So we’ve got the fermentation, so any equipment instance that is defined as a type of fermentation vessel would automatically inherit the properties of the pharmaceutical vessel and the fermentation vessel. So the equipment instance would have two properties that have been inherited by the equipment class hierarchy. When we consider properties of equipment, what we, what we do at Rhize is we look at the class that has been implemented and we work up the hierarchy and collect all the attributes from the parents, grandparents, great-grandparents of that particular piece of equipment of those particular equipment classes, and we apply those to the instance.

Something we also support is multiple inheritance, so an equipment can inherit from the fermentation vessel class, but it could also inherit from an equipment type which was only capable, for example, of something like that which would lend it a bunch more properties. We talked about inheritance properties and methods and that kind of thing, when these objects, this equipment, the actual instance of equipment is instantiated, inherits all of these properties.

There’s an element of composition in there as well, because we’ve got this multiple inheritance, which means we can inherit from different classes. The composition side of this also is we need to look at how we organize objects within a structure, within a hierarchy. If you look at an inheritance hierarchy as a hierarchy, this equipment is our fermentation vessel. What you would also want to do is understand what equipment is contained within other equipment. 

This goes back to sort of the classic way of looking at equipment hierarchies that they, you know, we’ve got enterprise sign, area line, we’ve got equipment that contains all the pieces of equipment. So we might have a production line that has a fermentation vessel and a heating vessel, that has a different type of vessel, I’m not sure what that might be. We’re building not only an inheritance hierarchy on one side that brings properties to an individual piece, but the composition hierarchy allows us to set up parents and siblings in terms of position and containment within that. So that’s probably the two key areas that probably want to bring to light. 
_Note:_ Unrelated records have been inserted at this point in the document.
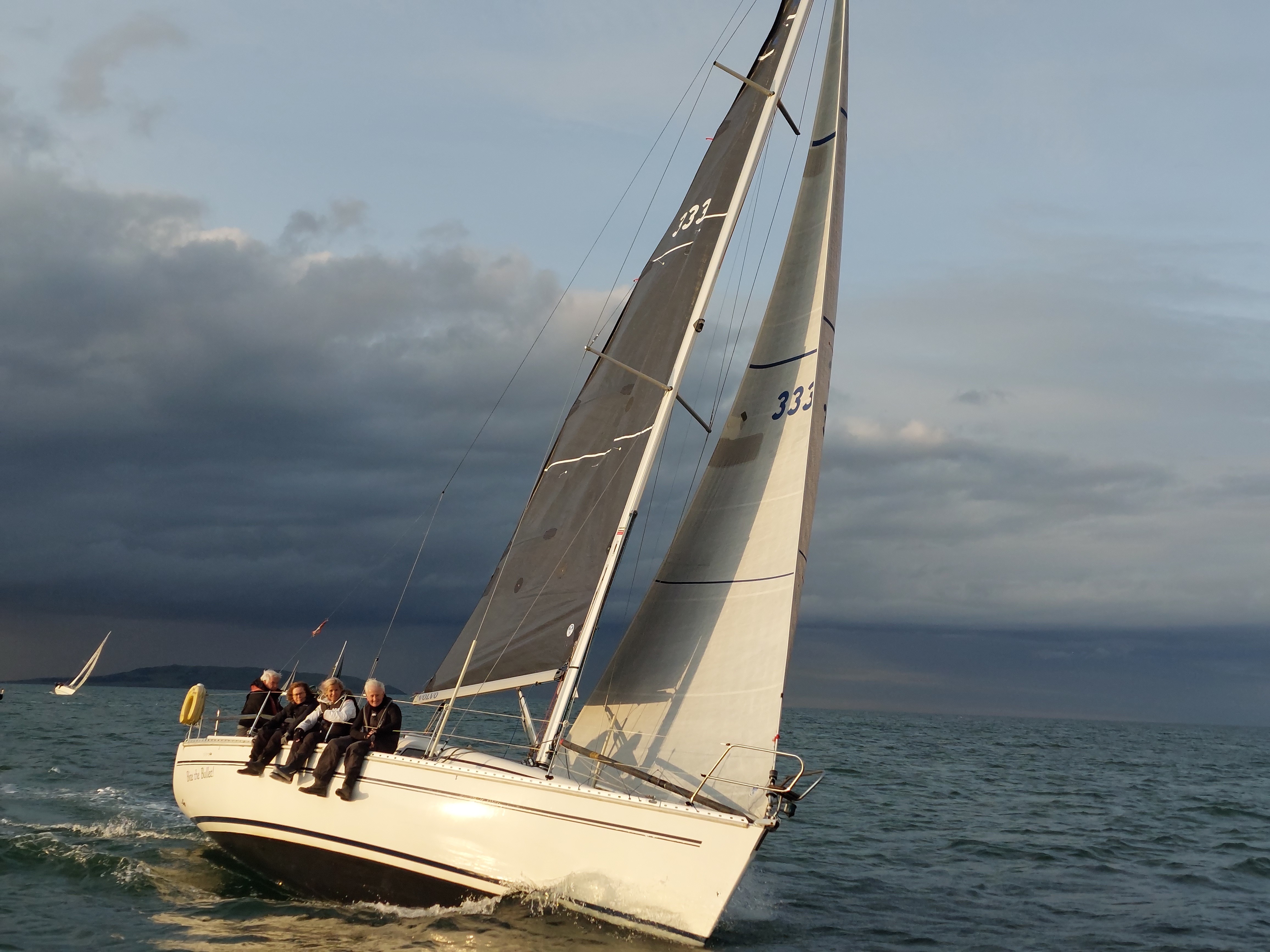 With the leftover bruises fading and repairs completed after the taxing wind and sea conditions experienced on the Lambay Races weekend, the 18 boat Wednesday night keelboat fleet enjoyed a fantastic night’s racing in much more benign weather. The wind ranged from 10 to 15 knots and was relatively steady in direction while the threateningly dark clouds skirted to the north of the race area.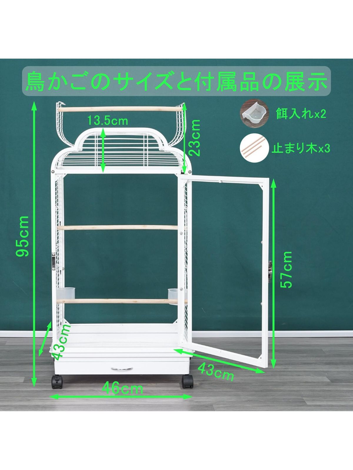 セット内容:ケージ本体、止まり木×3、エサ入れ×2、引き出し式トレイ×1
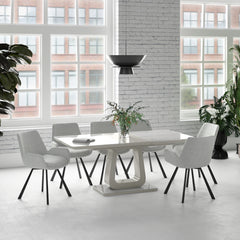 Transform your dining space with the sleek and versatile Raven/Harmony Seven-Piece Dining Set. This contemporary ensemble combines style and functionality, making it the perfect addition to any modern home.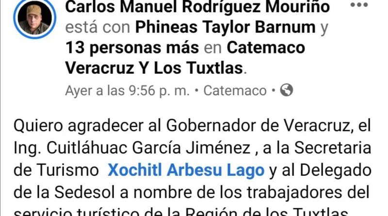 “Quiero agradecer al Gobernador de Veracruz, el Ing. Cuitláhuac García Jiménez , a la Secretaria de Turismo Xochitl Arbesu Lago y al Delegado de la Sedesol a nombre de los trabajadores del servicio turístico de la Región de los Tuxtlas por los apoyos alimentarios que ya se les está brindando. A este sector productivo que tanto representa para los Tuxtlas”.

We’ve also got an inversion of that composition hierarchy when we need it. If you’ve got, for example, a hierarchy of vehicles, in the BMW range of vehicles, you might have a 3 series and you might have a 5 series and you might have an X5 or something like that. Those would all inherit properties from the upper class, for example, which might be that these are all cars and they all have doors and they all have wheels and that kind of thing. Contained within BMW 3 series would be an engine, and that engine would have properties of its own. It may have an engine speed, for example, an RPM on that. 

You would want to look at the relationship between the car and the engine, understand where their inheritance goes or falls down in that instance. So the engine wouldn’t inherit the properties of the car, even though it is a subclass of the car—it’s contained within the car itself, it’s still got four wheels. What you could say about the car that the car does have, if the RPM is at 3000 on the engine, then you could actually say that the car has an RPM of 3000. We’ve got this kind of inheritance on the way down, and also this sort of pushing of property values upwards to parent objects. We’ve also got this idea that the objects can contain other objects. It starts to become abstract. What you end up doing if you’re in a project and you’re trying to solve problems and try to understand how objects are interacting with each other and how you need to place this data that’s coming in from the shop floor, then you need more than just one tool to be able to do that, to be able to express yourself in it in a correct way. 
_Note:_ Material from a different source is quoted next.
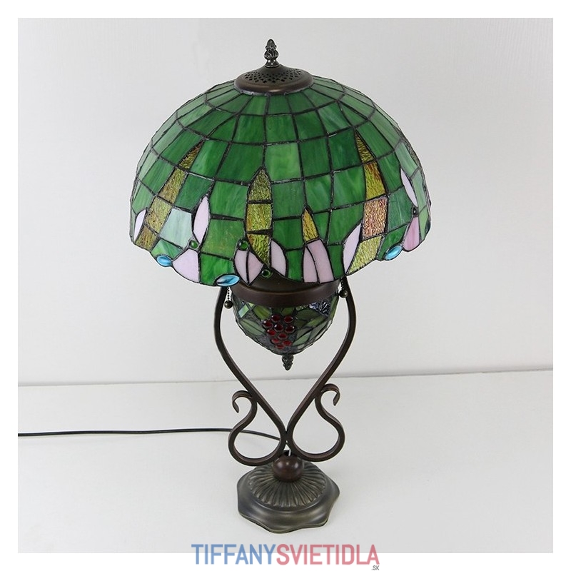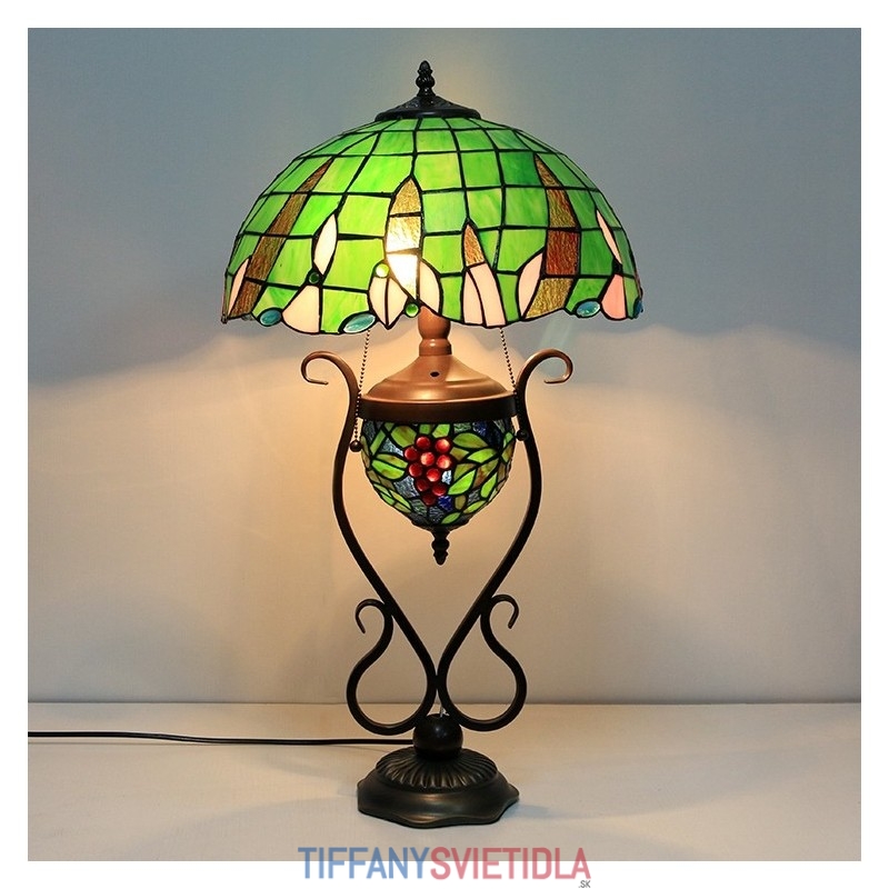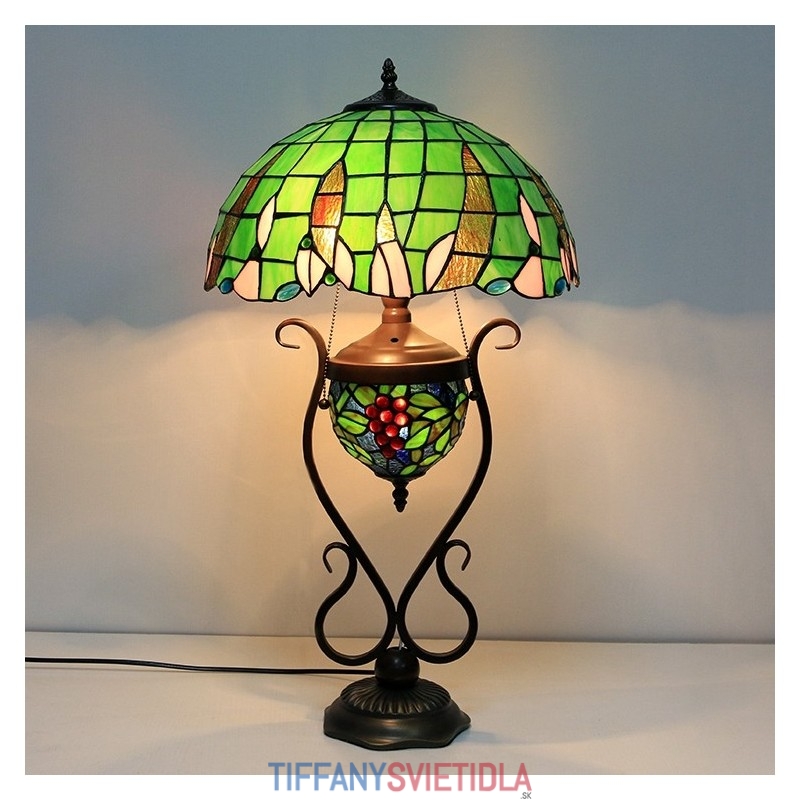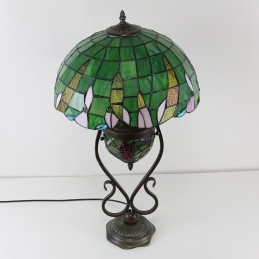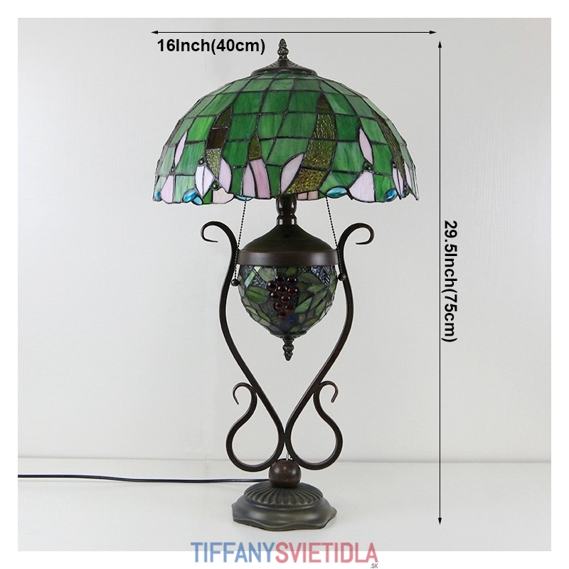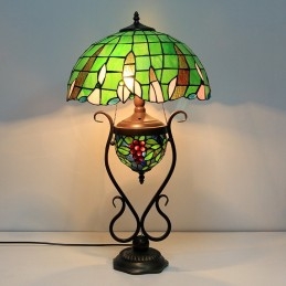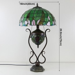 Stolová lampa z farebného skla 16 palcov Es Vintage Green Tiffany Style s dvojitým osvetlením spálne pri nočnom stolíku

You do need to have a composition hierarchy. You need to have a top-down inheritance hierarchy. You need to have the inverted inheritance hierarchy, and you probably also need to be able to express relationships between objects that are more like a network than a specific hierarchy.

I think that that general domain and those discussions, certainly ISA-95, allows you to sort of explore this problem domain with a richness of tools, that allows you to sort of arrive at a solution that’s sophisticated enough to really represent what you’ve got. As you said, you know, two key tenets of that, composability versus inheritance, that’s kind of a starting point of how you would want to think about how these objects are related. 

That’s just the equipment hierarchy. If you start talking about recipes and process segments and, and and that kind of thing, you get this sort of repeating network effect, but actually the patterns are the same. You just need the vocabulary there to be able to sort of deal with that and further the discussion.

Geoff: When we were talking about properties. So we’re talking about equipment properties there, whether it’s the car or with the 3000 rpm, it’s a property of the car property of the engine. When you start to think about it, I’m going back to the Uber broker functions here, a lot of us are talking about my Uber broker, I need to be able to do stuff. When you talk about behavior of things as well as the properties of things, that’s where it starts to get really interesting with composability versus inheritance. 

If I look at the engine and I say ‘I want this engine to have the behavior of whatever temperature it automatically books you in for a service, you know, I need to be able to place that behavior on that piece of equipment.’ But not all engines might have that—maybe it’s an optional behavior that I want to put in—it does add this sort of extra layer of sophistication to the requirements of the platform when you say, yeah, I’ve got this property modeling of the equipment to say what properties does it have, but then I’ve also got this behavior dimension to it or what what behaviors does it all have. That’s where you really end up using both the composability and the inheritance model to kind of get what you need done.

In the Rhize platform, the rule engine is associated to the classes of things. So we define the rules and the behaviors on classes of things. If you model your classes as behaviors, you can then compose a piece of equipment by saying, okay, this piece of equipment has this behavior, and that behavior and that behavior. Technically in the platform you need to have quite a complicated capability which has multiple inheritance, which is a well-known computer science problem. If your platform has that, you can do all this kind of stuff.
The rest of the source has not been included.